Really people? Is this the best we have?

 

With few exceptions, none of us was present in the courtroom or witness to every last bit of camera footage. Yet the presumed guilt of this young mother has turned so many into judge, jury and executioner. And all this vitriol seems to be based on false assumptions. Those assumptions are based on the combined sound-bytes of uncountable talking heads, hired by “news” organizations as “experts”, spewing their opinion as factual reporting. Those news organizations should all be embarrassed. This kind of reporting has no place in the distribution of actual news.

 

So based on the very limited scope of these designed-to-attract-viewers-and-ratings news reports there is this collective moral indignation over a verdict in a trial we were not entirely privy to. Does that read as silly as it sounded to write?

 

I hope so.

 

The court system is undeniably imperfect – but – the presumption of innocence and the application of the burden of proof to the prosecution has saved more innocents than it has freed guilty. Be glad of that. And where we have cause to feel the system has failed, be upset, certainly. But my question is how does it serve us, individually and collectively, to excrete such venom and hate?

 
The old clichés say something to the effect that hating another and wishing them ill is like taking poison and waiting for them to die. Was this young woman guilty? I don’t know.
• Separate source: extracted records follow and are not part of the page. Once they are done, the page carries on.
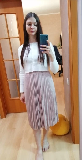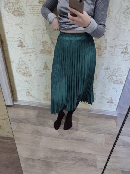 Юбка отличная! Отпарила - складки не разгладились. Ткань очень приятная. При этом есть ещё и подклад. У меня электризуется сильно. Длина в размере L до середины икры при моем росте 164 см. Обхват талии - 70, резинка ощущается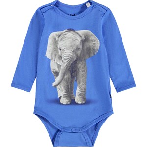Blue long-sleeved bodysuit for the little ones made of organic cotton with a print of a baby elephant. The bodysuit has binding tape and button closure on the shoulders and between the legs for easy dressing and undressing.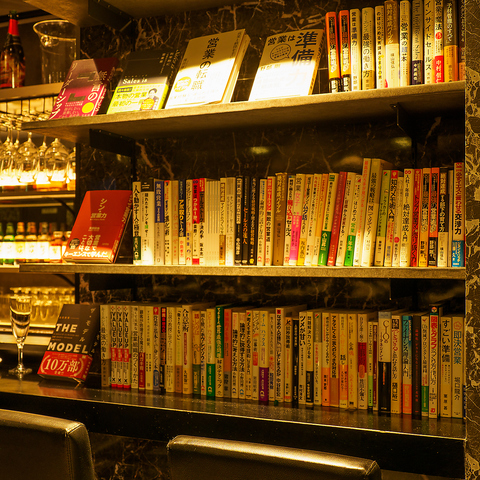 バックバー周辺には、ビジネス書や教養書を中心にセレクトした書棚を設置。お酒を楽しみながら自然と会話が広がる、落ち着いた大人のバーらしい空間演出も魅力のひとつです。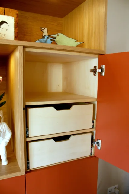 De toonvakken steken iets uit ten opzichte van de deurtjes, maar ook van elkaar. Zo is het uiterlijk van de kast speels, zonder onrustig te worden.
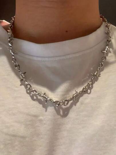 1pc Niche Retro Thorn Necklace, Thorn Clavicle Chain National Fashion Pants Chain,-Hop Street Cool Punk Necklace Men And Women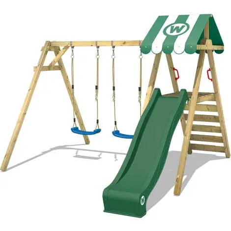 WICKEY Portique Balançoire Aire De Jeux Smart Ace Avec Toboggan Vert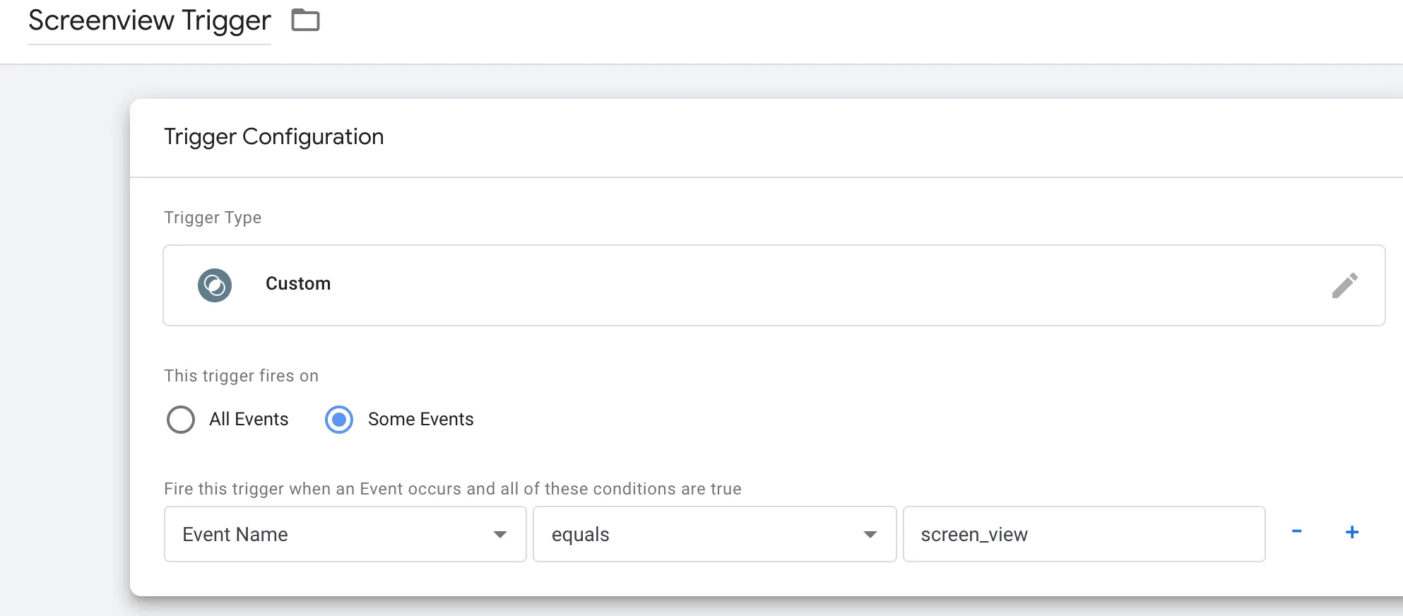 Section titled Screenview triggerWe will need to tell Google Tag Manager when to send a Contentsquare screenview, and for that we need to create a Trigger. Firebase sends screenviews as events of name screen_view, so we need to create a trigger for that event.
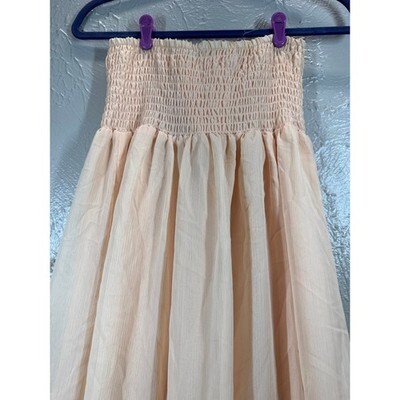 Free People Below Knee Strapless Peach Dress Ruched Lace Up Back Size XS/S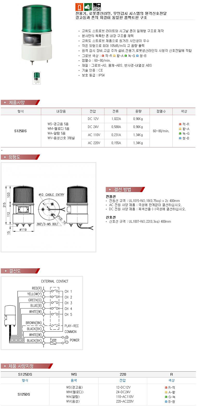 LENS ¥õ125mm-Max. 105dB ½ÅÈ£À½ ³»Àå LED Á¡µî/Á¡¸ê Ç¥½Ãµî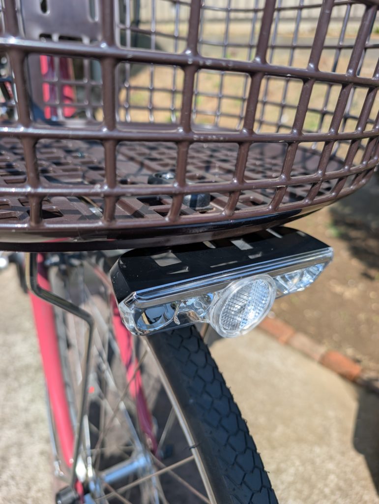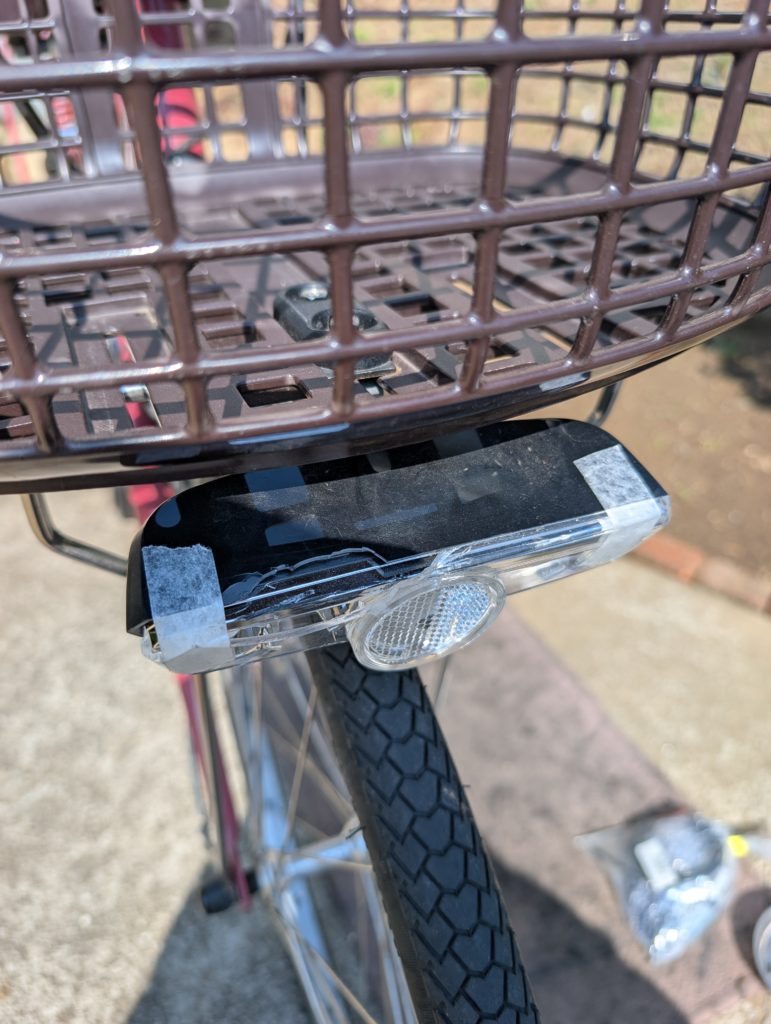 ライトが破損してテープで止めてあります。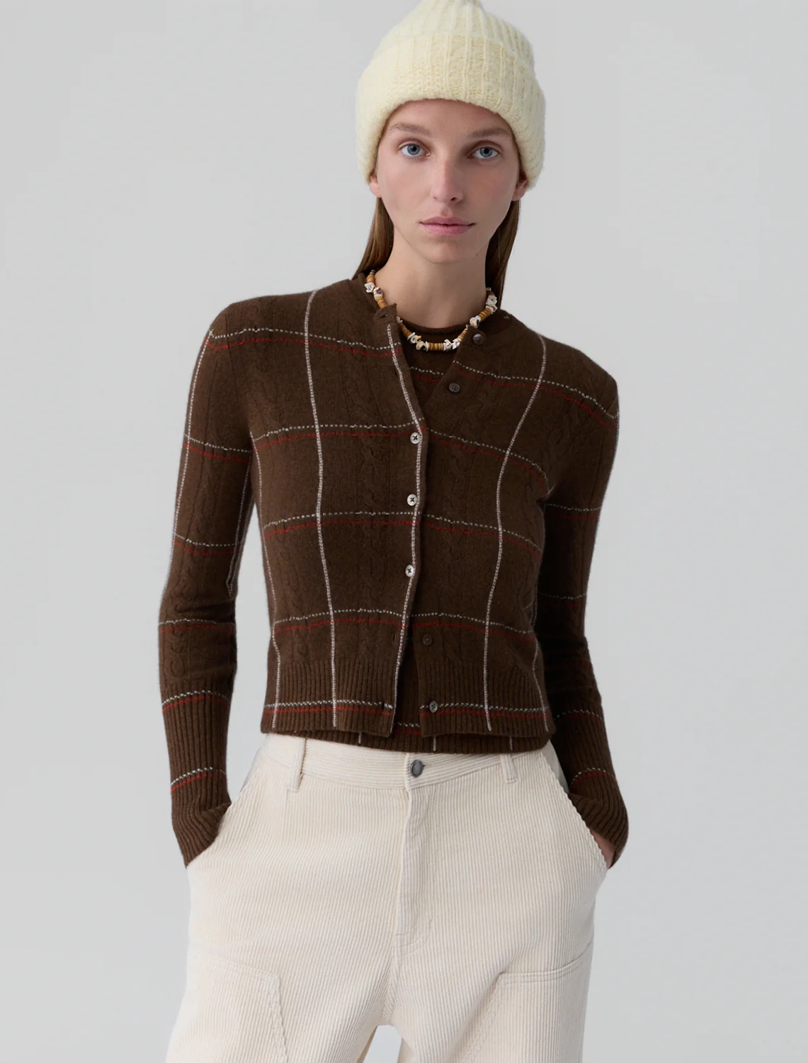 The Jane Check Cardigan reimagines a timeless layer in 100% cashmere with a classic check jacquard. With its easy fit and button-front design, this women’s cashmere cardigan adds a touch of polished funk — perfect layered over a tee and styled with your favorite denim.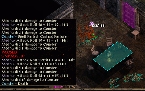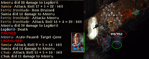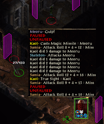 Kitthix is waiting in a corridor while the berserk warrior is in a chamber. I have cast auto-pause DUHM, mirror image and improved haste THACO -17/-8 and 9APR as I return to the warrior and find Samia is turning hostile. Kaol gets a stoneskin up before I hit not good so I switch targets; Akae and Legdoril are first to go. I have to run though, glugging a potion of defence then healing. Kaol casts chaos and with a dirty aura I can only continue running. Despite my saves does it offer one the chaos hits and a badly wounded kensai is out of his mind with a trio of enemies in reach and more nearby.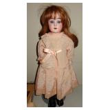* PORCELAIN HEAD / ARMS, JOINTED LEATHER GERMAN DOLL

My guess is, in the end, only she knows.

 

I feel sad for the loss of a young life, but at the same time believe in the eternality of the Spirit which gave her life. I have compassion for the mother, regardless her guilt or innocence in this matter. Either way her burden is more than I would wish on another being.

 

What I am clear about, is that I did not come here to judge – it is not my place. Oh for sure, my human might want to, but my Spirit simply laughs at my silly human. The judgment I reflect into life will be the judgment I experience from It. That will most likely never be compassionate and it will not be pleasant, nor will it be what I truly wish to be my experience.